Lay Low: Farewell Good Night’s Sleep Review
Hearing singer/songwriter Lay Low for the first time you could be forgiven for not being able to guess her true homeland. Though Lovísa Elísabet Sigrúnardóttir (Lay Low’s real name) comes from the same land as Bjork, Sigur Ros, etc, her spiritual home seems to be the American South, the birthplace of country music. The Icelander sings mellow, pedal-steel infused tunes that conjure up images of dusty plains and barbecue more so than the crystalline sterility of her home country.
Lay Low’s sophomore album Farewell Good Night’s Sleep will be out in the U.S. in early March, and it is a pretty sturdy collection of tunes. With just a wee bit of Sixties’ sunny pop mixed into her twanginess, Elísabet has crafted ten immaculately produced original songs (plus a cover of Left Frizzell’s “The Reason Why my Heart’s in Misery”) that invoke comparisons from Patsy Cline to Nancy Sinatra. Elísabet’s songwriting runs the gamut from chipper to heartbroken, but regardless of what her mood is she always seems to be a disaster waiting to happen. “I made you cry and I’ll make you cry with the things I do,” she croons on one of the album’s poppier tracks “By and By.” From lying to hurting to cheating – Elísabet seems to have covered all the old country sources of misery (well, except drinking that is). For this reason she tends to sound a little more honest in her more downtrodden, bluesy songs like “I Forget it’s There,” and “On My Own.”

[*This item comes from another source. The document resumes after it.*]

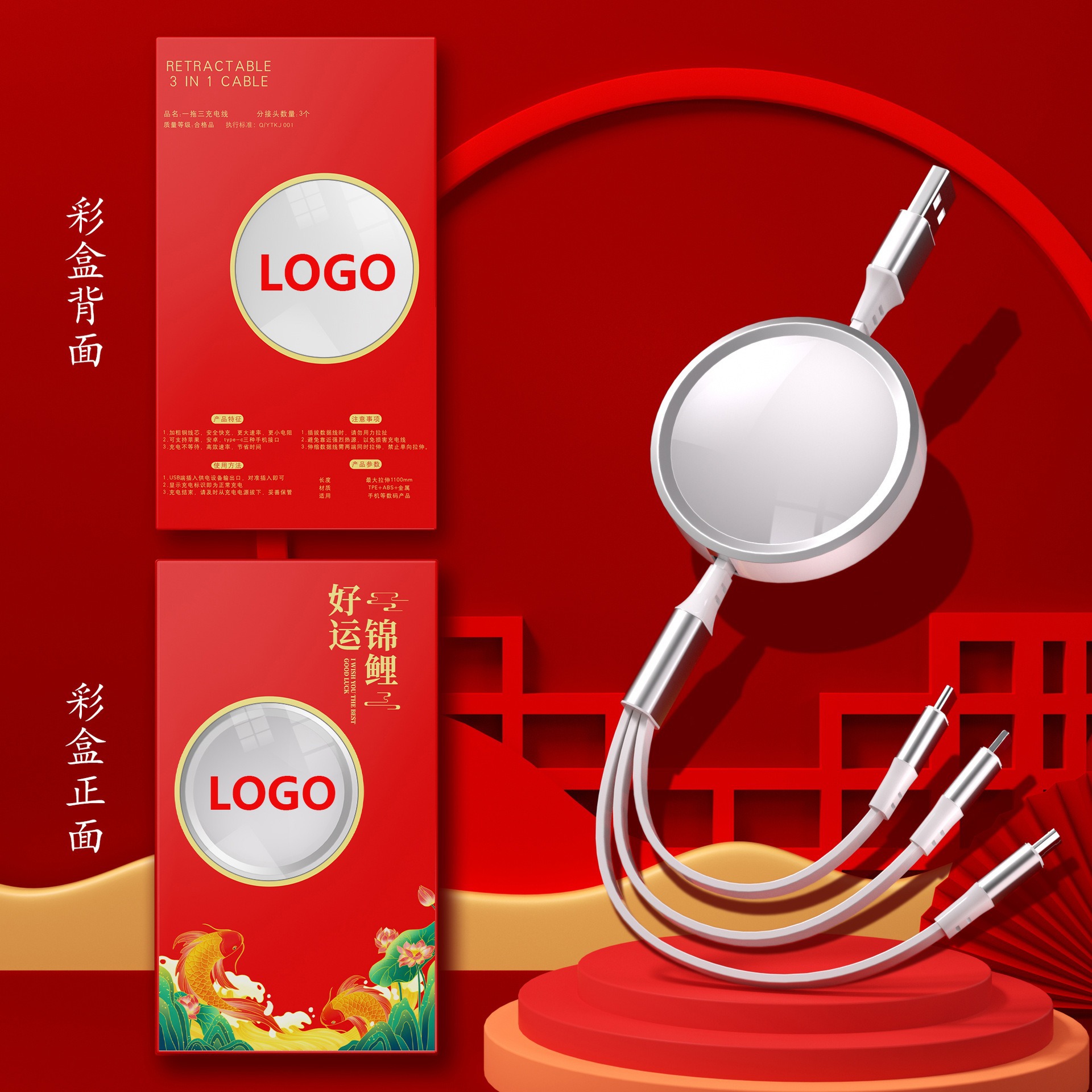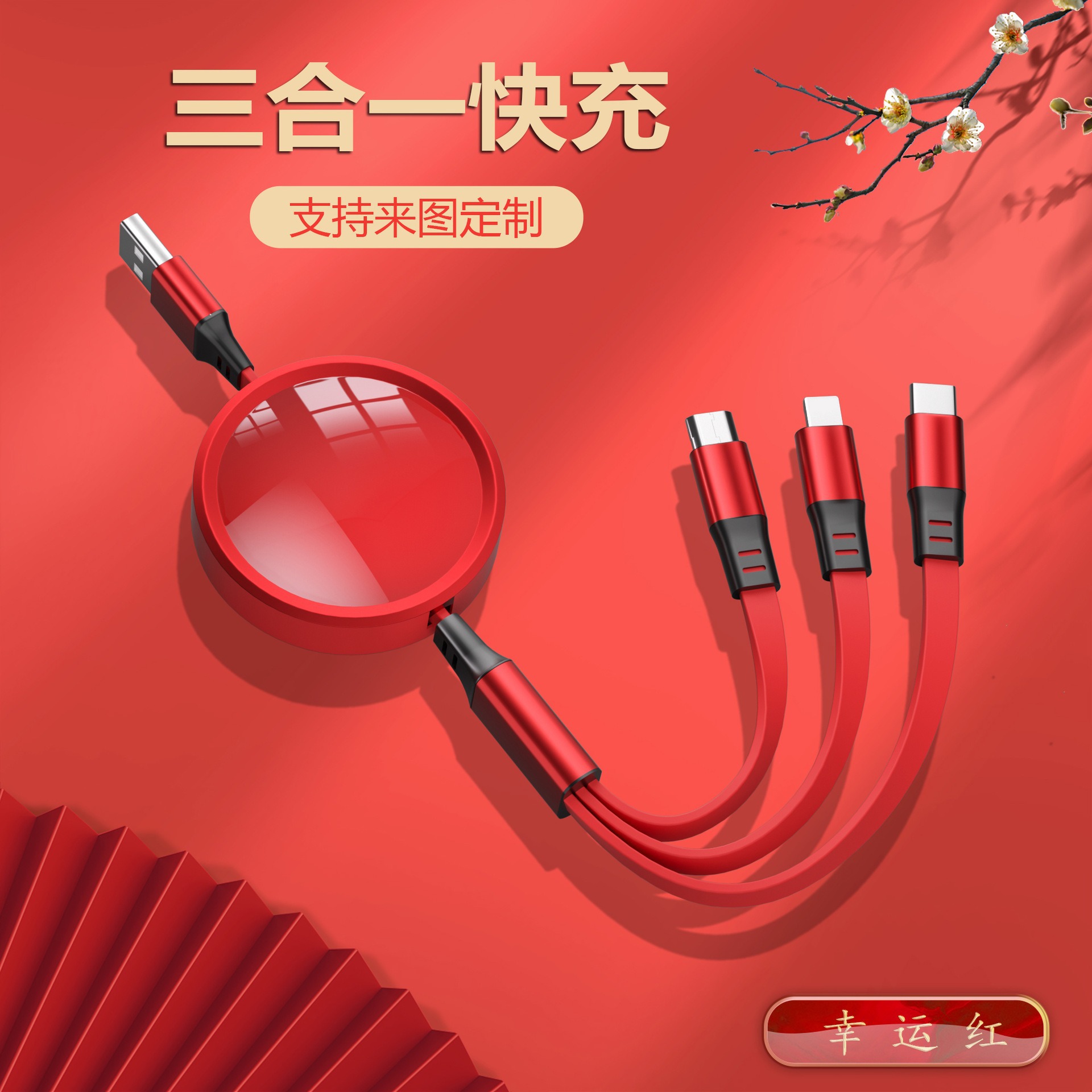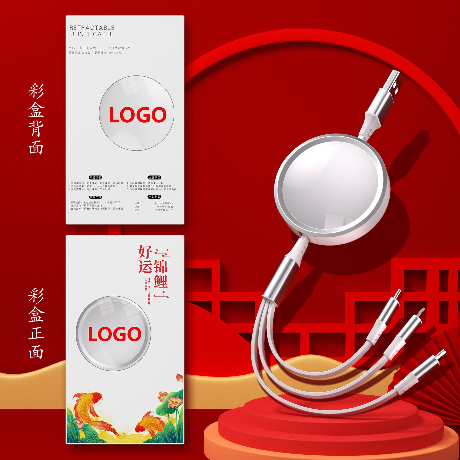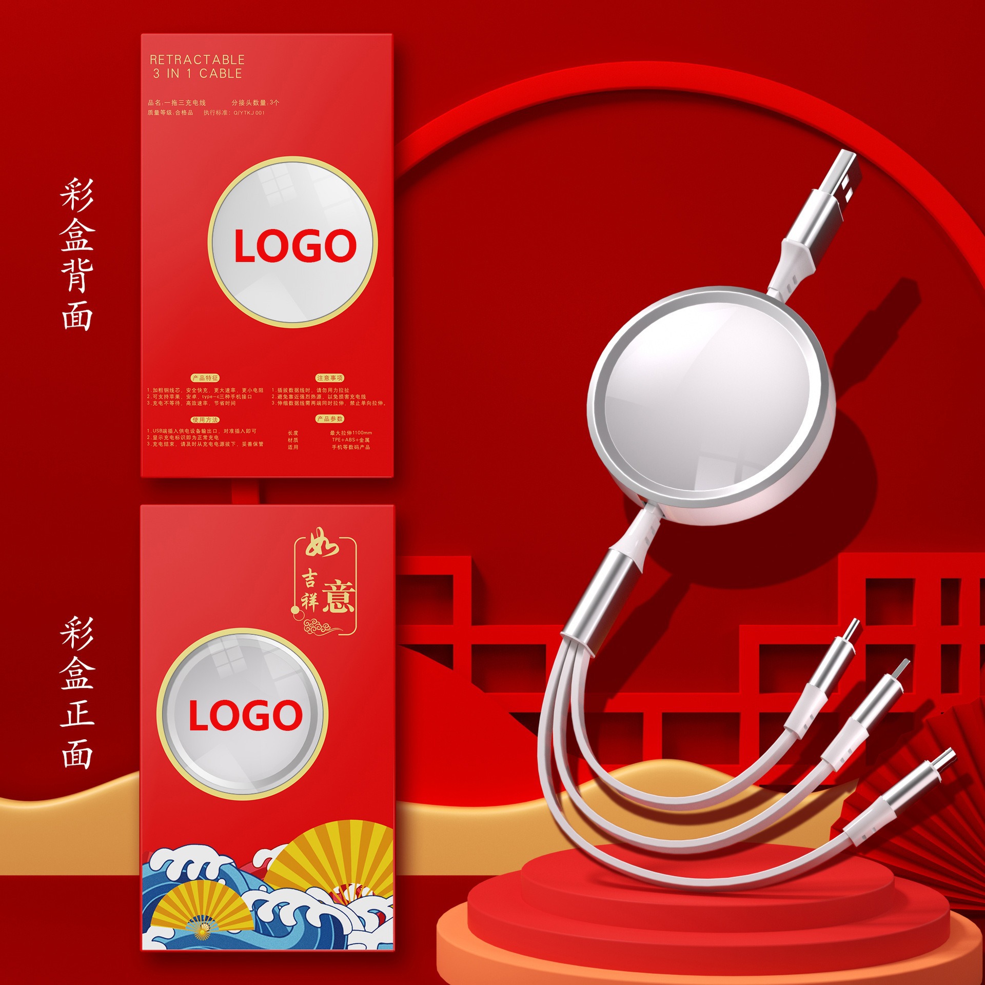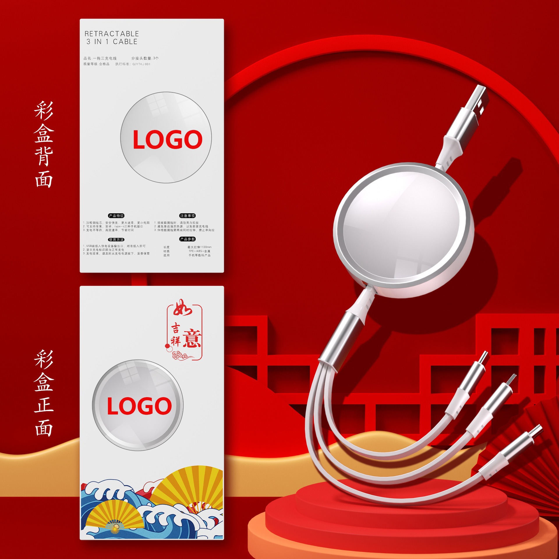 3-in-1 고속 충전 데이터 케이블 세트, 작은 선물, 각인 패턴, 광고 로고, 기념품스토어 가기

In Lay Low’s more lighthearted work Elísabet’s vocals can be both a blessing and a curse. While she possesses a truly pristine set of smoky pipes, her oftentimes “cute” sprightliness can sound a bit trite singing songs about sorrow and hardship. Still, it’s not so much a major problem as it is an occasional annoyance – overall Farewell Good Night’s Sleep is a pretty delightful listen. While I am not always entirely convinced by Law Low’s melancholy, I am usually charmed by her sweetness.